Kilka dni temu w Internecie pojawił się komunikat, że amerykańscy reżyserzy Chris Pratt i Anna Faris przygotowali dokumenty dotyczące rozwodu po 8 latach małżeństwa. Ta wiadomość zszokowała wielu fanów, którzy wywołali wiele plotek na temat tej sytuacji. Do tej pory sami aktorzy nie komentowali tej decyzji, ale znawcy opowiedzieli, jaki jest powód rozwodu.
Po smutnych wieściach o rozwodzie Farisa i Pratta w Internecie pojawił się wywiad z osobą znającą się na sobie, która była bliska znajomości byłych małżonków. Oto słowa przyjaciela rodziny:
- O ile wiem, powodem jest to, że Anna nie mogła przetrwać gwiaździstego startu małżonka. Ci, którzy śledzą swoje życie, wiedzą, że do 2011 Faris był bardzo poszukiwany. Otrzymała ogromną liczbę zaproszeń na różne pokazy, projekty telewizyjne, a także do filmowych strzelanin. Jednak narodziny dziecka zmieniły wszystko. Anna całkowicie poświęciła się rodzinie i teraz rozpoczyna karierę, po 6-letniej przerwie jest dla niej bardzo trudna. Jeśli chodzi o Chrisa, to on, wręcz przeciwnie, wszystko jest bardzo dobre. W ciągu ostatnich 7 lat jego kariera nabrała tempa. Chris można zobaczyć na 16 obrazach, w których brał udział w tym okresie. W swoim koncie główne role w takich hitach kinowych, jak "Strażnicy galaktyki", "Świat okresu jurajskiego" i wielu innych ".
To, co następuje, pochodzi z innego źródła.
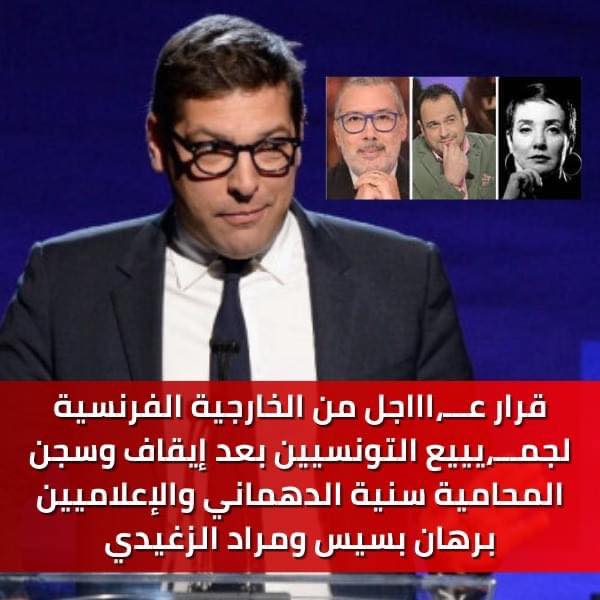 ‎قرار من الخارجية الفرنسية بعد إيقاف وسجن المحامية سنية الدهماني والإعلاميين برهان بسيس ومراد الزغيدي

Jednak dla wielu dziennikarzy, a także dla fanów tej gwiazdy, aplikacja rozwodowa była dużą niespodzianką, jak powiedziała niedawno Anna w swoim wywiadzie:
"Teraz w naszym związku odbywają się trudne wydarzenia. Nasza rodzina zawsze była bardzo silna, robiliśmy wszystko razem, robiliśmy plany na przyszłość i omawialiśmy najciekawsze rzeczy w ciągu dnia. Po prostu cieszyliśmy się najprostszymi rzeczami i byliśmy bardzo szczęśliwi z tego powodu. Wszystko zmieniło się po tym, jak Chris stał się bardzo popularny i poszukiwany. Teraz nawet patrzymy na siebie inaczej. Nie oznacza to jednak, że przestaliśmy być z rodziną, aby nią być. Wydaje mi się, że wszystkie te testy są podane, aby para mogła sprawdzić swoje uczucia i upewnić się, że nadal dobrze sobie radzą. "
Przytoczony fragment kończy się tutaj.